-- Opening Marker --

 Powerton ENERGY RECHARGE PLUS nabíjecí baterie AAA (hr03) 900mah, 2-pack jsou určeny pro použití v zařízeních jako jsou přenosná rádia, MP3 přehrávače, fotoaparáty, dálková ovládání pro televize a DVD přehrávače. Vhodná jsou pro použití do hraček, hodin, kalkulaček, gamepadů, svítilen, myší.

-- Closing Marker --
-- Opening Marker --

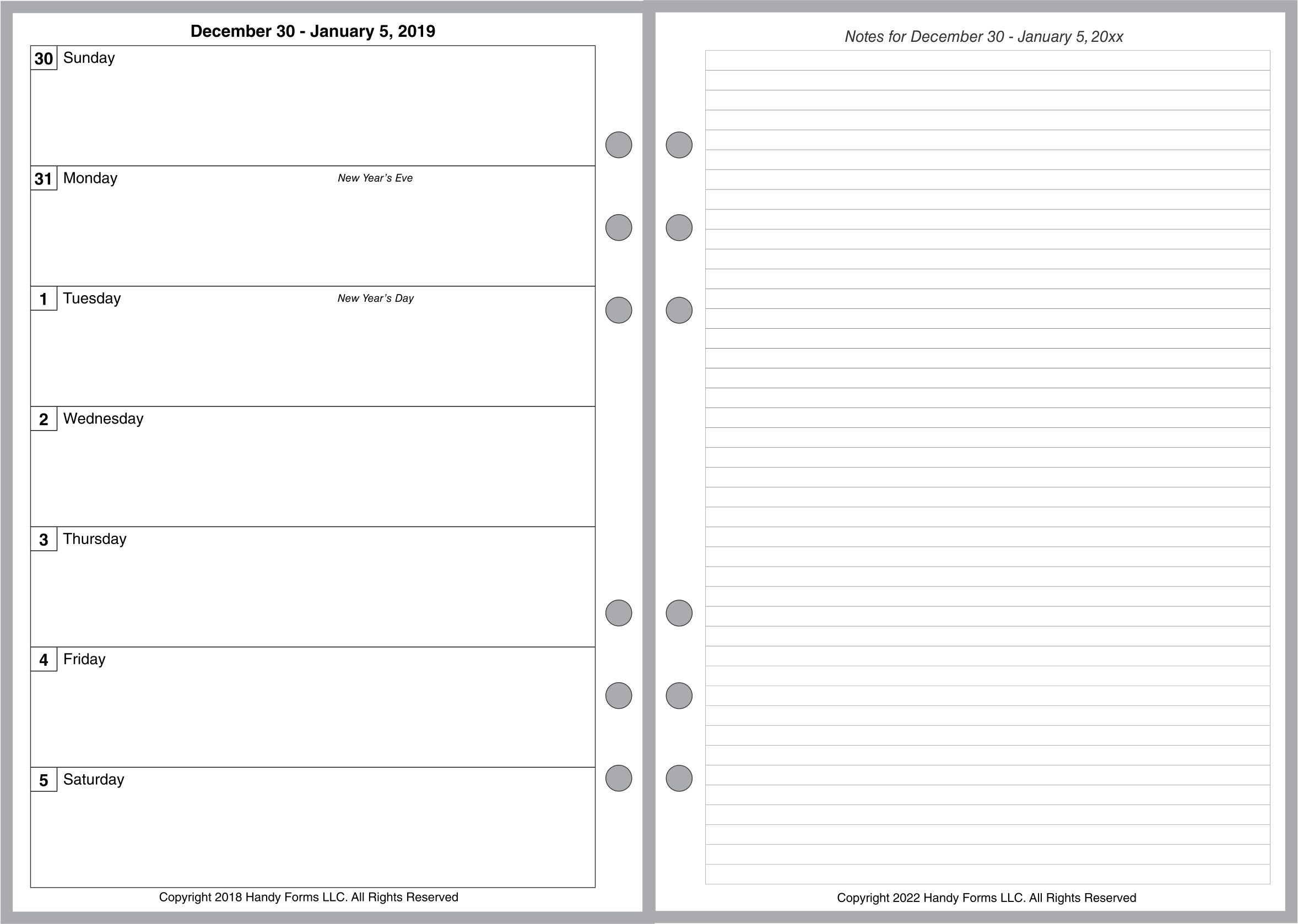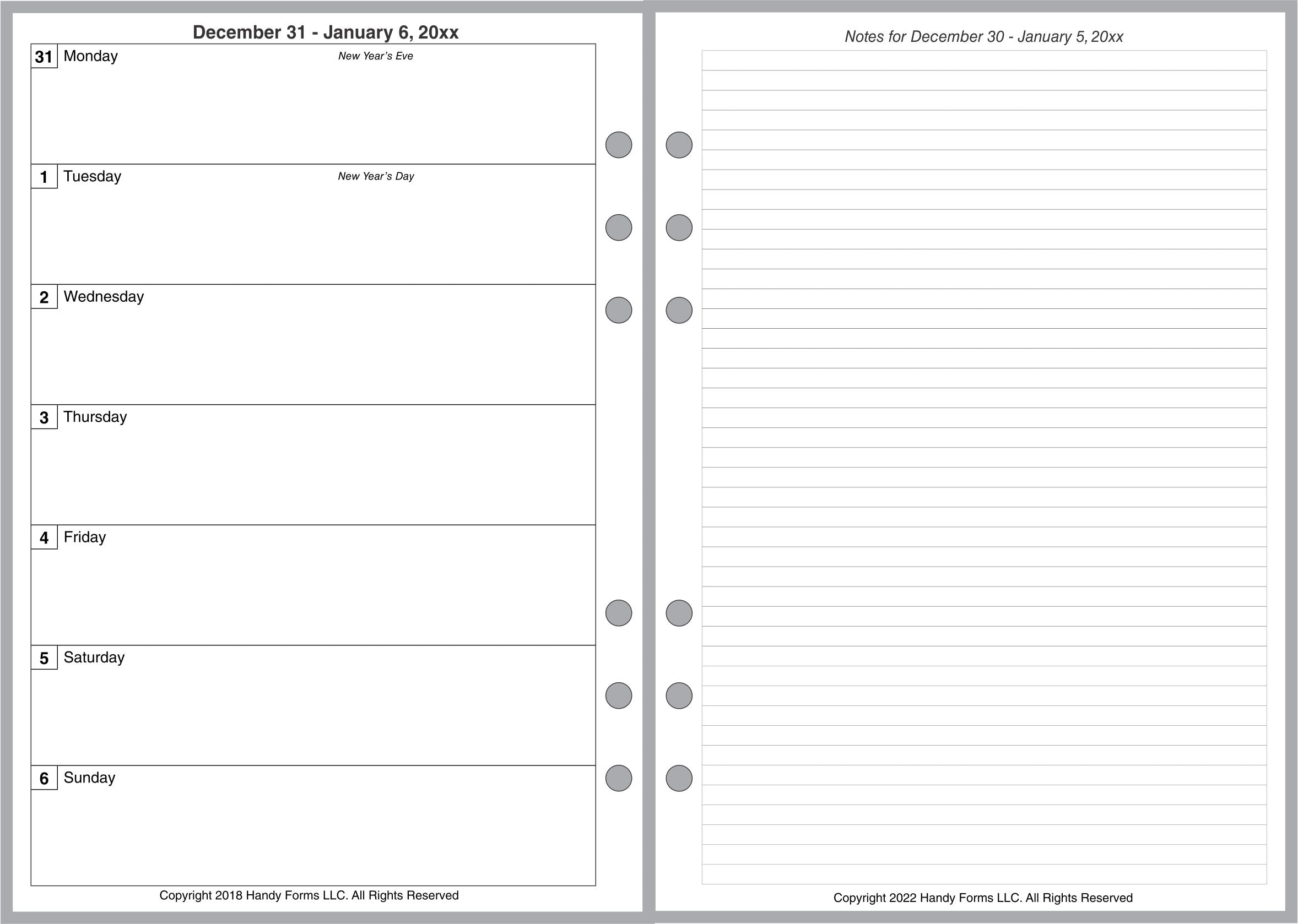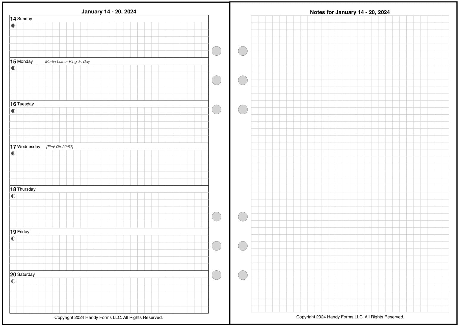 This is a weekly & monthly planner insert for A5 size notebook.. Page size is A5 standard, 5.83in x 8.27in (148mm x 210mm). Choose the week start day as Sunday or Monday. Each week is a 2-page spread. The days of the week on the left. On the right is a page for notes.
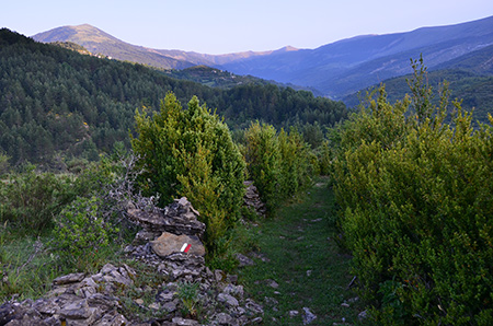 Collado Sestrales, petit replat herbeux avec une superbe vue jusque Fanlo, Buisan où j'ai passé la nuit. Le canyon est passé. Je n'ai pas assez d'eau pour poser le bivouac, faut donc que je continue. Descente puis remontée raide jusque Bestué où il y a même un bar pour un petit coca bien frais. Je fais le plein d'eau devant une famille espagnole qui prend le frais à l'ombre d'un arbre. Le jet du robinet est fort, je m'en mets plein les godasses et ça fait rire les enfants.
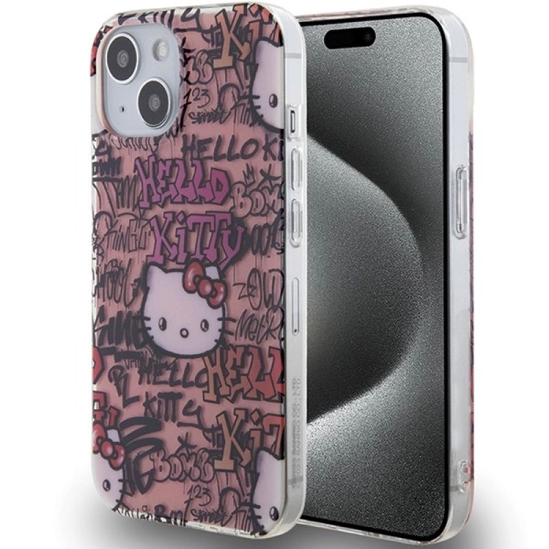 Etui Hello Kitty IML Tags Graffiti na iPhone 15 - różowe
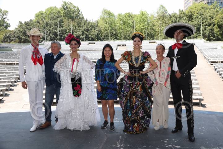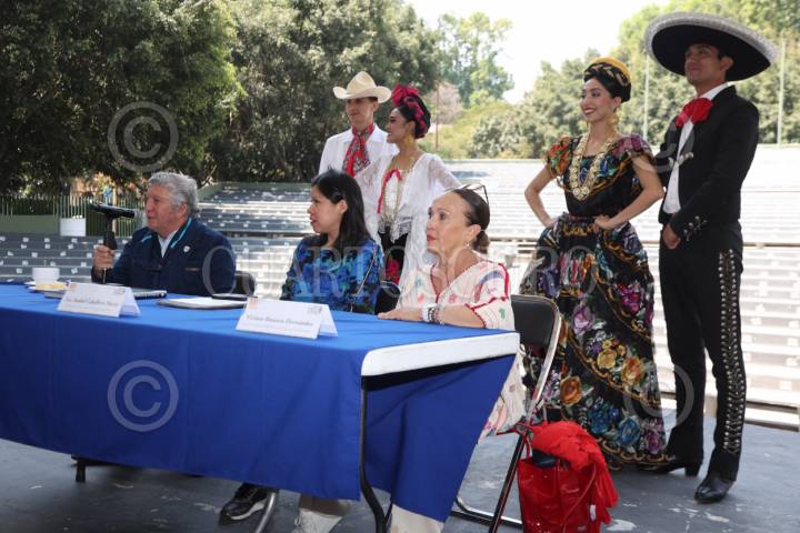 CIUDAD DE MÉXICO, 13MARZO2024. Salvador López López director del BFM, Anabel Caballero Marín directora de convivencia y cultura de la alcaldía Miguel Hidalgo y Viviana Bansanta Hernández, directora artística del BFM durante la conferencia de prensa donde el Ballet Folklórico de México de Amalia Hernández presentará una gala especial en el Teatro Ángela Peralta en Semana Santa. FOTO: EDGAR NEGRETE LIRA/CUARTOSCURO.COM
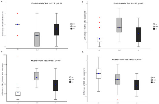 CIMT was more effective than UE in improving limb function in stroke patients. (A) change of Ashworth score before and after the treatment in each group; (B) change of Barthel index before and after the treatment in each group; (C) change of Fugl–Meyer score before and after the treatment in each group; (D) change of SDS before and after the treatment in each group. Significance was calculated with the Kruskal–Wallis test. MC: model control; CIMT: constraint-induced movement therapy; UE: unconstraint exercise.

-- Closing Marker --

INSTRUCTIONS TO FOLLOW: Everything from the line with "This is a weekly" down to the line with "Collado Sestrales, petit" in the data above should be copied exactly, with both end lines kept and the pictures left out.

ANSWER SECTION:
 This is a weekly & monthly planner insert for A5 size notebook.. Page size is A5 standard, 5.83in x 8.27in (148mm x 210mm). Choose the week start day as Sunday or Monday. Each week is a 2-page spread. The days of the week on the left. On the right is a page for notes.
 Collado Sestrales, petit replat herbeux avec une superbe vue jusque Fanlo, Buisan où j'ai passé la nuit. Le canyon est passé. Je n'ai pas assez d'eau pour poser le bivouac, faut donc que je continue. Descente puis remontée raide jusque Bestué où il y a même un bar pour un petit coca bien frais. Je fais le plein d'eau devant une famille espagnole qui prend le frais à l'ombre d'un arbre. Le jet du robinet est fort, je m'en mets plein les godasses et ça fait rire les enfants.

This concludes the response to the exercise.